• _What needs to be done_
After finding the line with "Сковорода с крышкой" in the data below, set down exactly each line through the one with "Aptos Account Manager", inclusive, and stop there.

• _Data shown_
Start of Block

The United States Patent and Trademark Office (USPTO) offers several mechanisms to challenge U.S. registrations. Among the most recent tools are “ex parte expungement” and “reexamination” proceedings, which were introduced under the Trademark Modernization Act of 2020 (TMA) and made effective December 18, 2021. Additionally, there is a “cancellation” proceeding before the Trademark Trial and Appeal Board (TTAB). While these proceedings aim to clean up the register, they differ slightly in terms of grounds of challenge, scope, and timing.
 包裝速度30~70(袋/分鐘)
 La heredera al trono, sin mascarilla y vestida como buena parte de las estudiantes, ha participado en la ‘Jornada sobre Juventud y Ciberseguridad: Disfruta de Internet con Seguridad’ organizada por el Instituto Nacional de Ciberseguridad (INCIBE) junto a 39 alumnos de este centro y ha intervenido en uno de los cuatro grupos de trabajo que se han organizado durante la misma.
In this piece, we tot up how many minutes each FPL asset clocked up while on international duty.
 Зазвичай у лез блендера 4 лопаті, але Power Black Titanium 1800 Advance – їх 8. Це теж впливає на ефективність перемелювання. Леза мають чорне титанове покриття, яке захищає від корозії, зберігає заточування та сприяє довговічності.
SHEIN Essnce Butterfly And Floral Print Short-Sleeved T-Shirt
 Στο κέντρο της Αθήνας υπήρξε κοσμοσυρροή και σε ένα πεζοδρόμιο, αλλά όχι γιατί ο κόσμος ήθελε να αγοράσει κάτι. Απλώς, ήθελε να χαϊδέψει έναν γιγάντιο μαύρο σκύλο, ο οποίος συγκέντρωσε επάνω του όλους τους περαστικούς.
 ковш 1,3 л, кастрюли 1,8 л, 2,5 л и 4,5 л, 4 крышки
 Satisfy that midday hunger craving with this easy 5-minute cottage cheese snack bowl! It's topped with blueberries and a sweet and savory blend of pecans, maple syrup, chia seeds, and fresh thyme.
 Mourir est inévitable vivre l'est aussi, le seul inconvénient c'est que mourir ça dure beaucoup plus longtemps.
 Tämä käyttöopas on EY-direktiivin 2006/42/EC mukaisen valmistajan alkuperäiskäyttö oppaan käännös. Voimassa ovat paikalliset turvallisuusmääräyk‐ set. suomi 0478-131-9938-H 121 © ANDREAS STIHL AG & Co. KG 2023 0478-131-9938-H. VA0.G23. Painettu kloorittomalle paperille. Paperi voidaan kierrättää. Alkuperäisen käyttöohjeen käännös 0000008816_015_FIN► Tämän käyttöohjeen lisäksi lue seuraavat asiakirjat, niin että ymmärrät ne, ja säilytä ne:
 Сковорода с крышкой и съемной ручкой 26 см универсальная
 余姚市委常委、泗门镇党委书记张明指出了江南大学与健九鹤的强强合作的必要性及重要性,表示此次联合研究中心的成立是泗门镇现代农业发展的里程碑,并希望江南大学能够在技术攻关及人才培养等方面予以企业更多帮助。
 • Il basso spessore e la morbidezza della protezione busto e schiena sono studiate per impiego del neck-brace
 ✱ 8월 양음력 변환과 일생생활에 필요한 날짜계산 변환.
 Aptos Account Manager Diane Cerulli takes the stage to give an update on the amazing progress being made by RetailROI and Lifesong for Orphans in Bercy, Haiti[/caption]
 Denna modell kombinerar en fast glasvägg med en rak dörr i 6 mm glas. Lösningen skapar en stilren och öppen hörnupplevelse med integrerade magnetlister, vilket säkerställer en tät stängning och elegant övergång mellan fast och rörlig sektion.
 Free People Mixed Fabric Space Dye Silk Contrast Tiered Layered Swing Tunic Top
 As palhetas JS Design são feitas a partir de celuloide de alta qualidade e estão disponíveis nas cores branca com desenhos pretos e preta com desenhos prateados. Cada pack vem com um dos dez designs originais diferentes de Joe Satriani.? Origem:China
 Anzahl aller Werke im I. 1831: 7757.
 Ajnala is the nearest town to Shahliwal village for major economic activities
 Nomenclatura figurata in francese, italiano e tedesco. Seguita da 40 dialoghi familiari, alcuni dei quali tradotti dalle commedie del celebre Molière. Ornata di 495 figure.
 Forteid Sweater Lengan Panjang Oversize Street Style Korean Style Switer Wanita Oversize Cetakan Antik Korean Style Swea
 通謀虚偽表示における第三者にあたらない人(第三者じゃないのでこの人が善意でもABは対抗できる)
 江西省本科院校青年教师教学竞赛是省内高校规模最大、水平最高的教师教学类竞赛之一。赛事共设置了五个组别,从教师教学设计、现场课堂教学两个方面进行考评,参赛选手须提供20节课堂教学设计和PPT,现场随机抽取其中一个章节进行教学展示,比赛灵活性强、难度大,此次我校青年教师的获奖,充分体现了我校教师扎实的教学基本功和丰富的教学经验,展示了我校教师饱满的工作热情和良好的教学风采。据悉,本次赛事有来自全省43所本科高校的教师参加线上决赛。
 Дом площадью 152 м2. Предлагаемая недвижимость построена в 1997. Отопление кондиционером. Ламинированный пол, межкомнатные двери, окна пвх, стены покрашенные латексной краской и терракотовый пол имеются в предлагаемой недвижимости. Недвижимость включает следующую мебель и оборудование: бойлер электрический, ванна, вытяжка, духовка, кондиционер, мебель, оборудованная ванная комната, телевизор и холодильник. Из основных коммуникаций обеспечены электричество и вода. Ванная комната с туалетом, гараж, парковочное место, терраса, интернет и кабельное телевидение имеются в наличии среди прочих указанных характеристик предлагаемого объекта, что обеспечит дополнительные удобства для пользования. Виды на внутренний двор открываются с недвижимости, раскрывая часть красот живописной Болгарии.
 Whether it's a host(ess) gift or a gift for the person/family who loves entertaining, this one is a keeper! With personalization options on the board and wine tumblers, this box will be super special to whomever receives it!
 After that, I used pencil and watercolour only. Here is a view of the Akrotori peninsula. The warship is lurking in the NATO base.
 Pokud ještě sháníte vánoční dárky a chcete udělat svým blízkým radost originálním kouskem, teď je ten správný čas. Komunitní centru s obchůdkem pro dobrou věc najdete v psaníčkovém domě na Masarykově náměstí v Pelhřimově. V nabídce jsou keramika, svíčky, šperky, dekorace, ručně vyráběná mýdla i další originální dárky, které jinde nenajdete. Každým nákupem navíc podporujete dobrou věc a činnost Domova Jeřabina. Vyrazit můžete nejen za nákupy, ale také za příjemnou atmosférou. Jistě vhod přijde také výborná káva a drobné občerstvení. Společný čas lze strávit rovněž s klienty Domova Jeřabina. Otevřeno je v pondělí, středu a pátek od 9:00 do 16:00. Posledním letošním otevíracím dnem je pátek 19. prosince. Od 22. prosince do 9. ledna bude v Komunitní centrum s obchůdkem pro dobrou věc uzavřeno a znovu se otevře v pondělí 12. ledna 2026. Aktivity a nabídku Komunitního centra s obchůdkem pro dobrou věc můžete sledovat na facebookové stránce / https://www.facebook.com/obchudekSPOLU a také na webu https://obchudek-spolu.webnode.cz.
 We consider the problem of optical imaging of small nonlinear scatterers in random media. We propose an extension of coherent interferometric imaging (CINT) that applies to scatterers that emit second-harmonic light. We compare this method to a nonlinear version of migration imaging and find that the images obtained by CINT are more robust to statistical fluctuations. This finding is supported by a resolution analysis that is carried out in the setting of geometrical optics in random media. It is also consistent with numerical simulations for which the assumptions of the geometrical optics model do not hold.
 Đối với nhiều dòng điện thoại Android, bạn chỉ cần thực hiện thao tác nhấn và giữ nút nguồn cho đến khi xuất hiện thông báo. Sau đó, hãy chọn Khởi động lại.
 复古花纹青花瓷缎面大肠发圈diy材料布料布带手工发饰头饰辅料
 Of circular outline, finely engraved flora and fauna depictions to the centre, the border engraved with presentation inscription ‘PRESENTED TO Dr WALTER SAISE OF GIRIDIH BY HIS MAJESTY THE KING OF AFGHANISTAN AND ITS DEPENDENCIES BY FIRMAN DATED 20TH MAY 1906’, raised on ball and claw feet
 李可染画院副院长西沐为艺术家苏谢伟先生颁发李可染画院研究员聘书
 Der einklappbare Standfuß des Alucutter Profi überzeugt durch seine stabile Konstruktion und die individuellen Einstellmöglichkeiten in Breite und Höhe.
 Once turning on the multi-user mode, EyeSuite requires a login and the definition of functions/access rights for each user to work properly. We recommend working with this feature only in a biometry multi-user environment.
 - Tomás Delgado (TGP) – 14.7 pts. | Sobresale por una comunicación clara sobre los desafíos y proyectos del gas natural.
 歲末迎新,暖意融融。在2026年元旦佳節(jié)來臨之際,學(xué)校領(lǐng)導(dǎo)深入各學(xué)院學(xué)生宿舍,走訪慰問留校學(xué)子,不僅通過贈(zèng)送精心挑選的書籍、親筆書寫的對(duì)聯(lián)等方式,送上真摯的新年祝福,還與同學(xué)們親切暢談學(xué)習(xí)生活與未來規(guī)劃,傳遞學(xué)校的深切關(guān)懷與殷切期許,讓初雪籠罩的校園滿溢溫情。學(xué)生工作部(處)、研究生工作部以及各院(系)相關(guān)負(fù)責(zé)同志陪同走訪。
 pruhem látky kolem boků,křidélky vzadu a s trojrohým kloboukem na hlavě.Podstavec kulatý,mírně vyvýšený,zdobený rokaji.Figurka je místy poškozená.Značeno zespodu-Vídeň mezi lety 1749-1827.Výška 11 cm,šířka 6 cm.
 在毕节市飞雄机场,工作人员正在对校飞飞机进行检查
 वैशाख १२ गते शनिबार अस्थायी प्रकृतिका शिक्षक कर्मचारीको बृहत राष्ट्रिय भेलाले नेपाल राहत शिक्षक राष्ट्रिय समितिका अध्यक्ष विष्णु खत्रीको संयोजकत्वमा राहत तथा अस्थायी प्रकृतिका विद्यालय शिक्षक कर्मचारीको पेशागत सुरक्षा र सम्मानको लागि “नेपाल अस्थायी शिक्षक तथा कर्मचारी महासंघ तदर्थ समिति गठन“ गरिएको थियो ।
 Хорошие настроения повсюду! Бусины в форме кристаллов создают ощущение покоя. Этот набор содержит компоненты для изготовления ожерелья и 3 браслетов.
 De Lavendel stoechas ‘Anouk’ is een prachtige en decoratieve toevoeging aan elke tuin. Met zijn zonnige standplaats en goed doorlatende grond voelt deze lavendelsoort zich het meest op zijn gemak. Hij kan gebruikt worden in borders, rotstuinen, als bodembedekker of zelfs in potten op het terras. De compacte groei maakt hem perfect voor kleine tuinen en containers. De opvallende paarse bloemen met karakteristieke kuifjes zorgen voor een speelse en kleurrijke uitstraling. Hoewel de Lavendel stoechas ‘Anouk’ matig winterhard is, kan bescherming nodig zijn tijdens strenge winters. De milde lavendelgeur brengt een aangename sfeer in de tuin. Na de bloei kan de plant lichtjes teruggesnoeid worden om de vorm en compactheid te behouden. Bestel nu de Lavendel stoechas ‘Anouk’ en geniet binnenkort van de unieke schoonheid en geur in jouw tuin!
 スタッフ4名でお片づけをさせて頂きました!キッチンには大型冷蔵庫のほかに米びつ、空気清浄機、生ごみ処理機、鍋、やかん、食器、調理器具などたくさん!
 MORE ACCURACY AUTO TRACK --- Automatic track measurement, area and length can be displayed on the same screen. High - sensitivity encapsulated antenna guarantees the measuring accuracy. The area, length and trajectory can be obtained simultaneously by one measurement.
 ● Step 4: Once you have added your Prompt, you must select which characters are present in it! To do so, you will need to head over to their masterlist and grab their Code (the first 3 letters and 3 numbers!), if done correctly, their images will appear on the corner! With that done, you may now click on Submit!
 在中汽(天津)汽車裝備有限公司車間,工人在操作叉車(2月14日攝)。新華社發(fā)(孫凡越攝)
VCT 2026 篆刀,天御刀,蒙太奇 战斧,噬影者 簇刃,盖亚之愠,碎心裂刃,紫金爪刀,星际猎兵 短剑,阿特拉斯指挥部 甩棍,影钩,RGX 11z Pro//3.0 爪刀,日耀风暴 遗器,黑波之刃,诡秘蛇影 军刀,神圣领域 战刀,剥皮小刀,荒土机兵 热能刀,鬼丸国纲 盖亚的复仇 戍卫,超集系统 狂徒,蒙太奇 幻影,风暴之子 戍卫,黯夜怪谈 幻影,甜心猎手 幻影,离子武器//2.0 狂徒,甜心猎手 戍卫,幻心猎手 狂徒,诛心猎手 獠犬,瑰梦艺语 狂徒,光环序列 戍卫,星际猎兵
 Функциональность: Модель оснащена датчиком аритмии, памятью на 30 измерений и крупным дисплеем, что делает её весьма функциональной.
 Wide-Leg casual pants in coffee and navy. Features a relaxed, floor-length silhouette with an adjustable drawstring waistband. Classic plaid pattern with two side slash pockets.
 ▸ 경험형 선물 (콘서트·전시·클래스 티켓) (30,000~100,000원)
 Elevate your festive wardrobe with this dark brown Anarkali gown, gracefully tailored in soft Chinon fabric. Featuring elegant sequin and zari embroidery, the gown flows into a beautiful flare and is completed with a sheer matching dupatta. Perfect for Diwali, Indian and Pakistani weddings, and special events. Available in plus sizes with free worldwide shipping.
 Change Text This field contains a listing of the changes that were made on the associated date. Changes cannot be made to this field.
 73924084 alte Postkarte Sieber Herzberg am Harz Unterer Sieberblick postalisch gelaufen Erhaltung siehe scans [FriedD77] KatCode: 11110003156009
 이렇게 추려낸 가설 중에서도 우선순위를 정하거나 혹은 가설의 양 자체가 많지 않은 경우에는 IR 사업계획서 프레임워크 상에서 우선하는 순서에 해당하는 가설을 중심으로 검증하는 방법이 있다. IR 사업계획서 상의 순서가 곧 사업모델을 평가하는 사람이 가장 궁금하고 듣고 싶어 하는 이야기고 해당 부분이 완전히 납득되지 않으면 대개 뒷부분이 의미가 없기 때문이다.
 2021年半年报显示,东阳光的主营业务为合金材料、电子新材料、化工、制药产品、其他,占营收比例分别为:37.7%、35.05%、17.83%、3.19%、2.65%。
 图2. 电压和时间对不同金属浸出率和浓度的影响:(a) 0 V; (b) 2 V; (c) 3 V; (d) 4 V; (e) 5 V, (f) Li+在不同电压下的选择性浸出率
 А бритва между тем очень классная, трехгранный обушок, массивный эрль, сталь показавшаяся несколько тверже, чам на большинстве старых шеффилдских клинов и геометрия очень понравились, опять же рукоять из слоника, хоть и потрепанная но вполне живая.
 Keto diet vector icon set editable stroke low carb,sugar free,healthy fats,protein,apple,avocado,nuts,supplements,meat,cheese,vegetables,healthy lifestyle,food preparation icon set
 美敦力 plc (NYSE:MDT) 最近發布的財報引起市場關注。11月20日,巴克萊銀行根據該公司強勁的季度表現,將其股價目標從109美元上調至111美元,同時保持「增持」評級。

End of Block

• _Answer section_
 Сковорода с крышкой и съемной ручкой 26 см универсальная
 余姚市委常委、泗门镇党委书记张明指出了江南大学与健九鹤的强强合作的必要性及重要性,表示此次联合研究中心的成立是泗门镇现代农业发展的里程碑,并希望江南大学能够在技术攻关及人才培养等方面予以企业更多帮助。
 • Il basso spessore e la morbidezza della protezione busto e schiena sono studiate per impiego del neck-brace
 ✱ 8월 양음력 변환과 일생생활에 필요한 날짜계산 변환.
 Aptos Account Manager Diane Cerulli takes the stage to give an update on the amazing progress being made by RetailROI and Lifesong for Orphans in Bercy, Haiti[/caption]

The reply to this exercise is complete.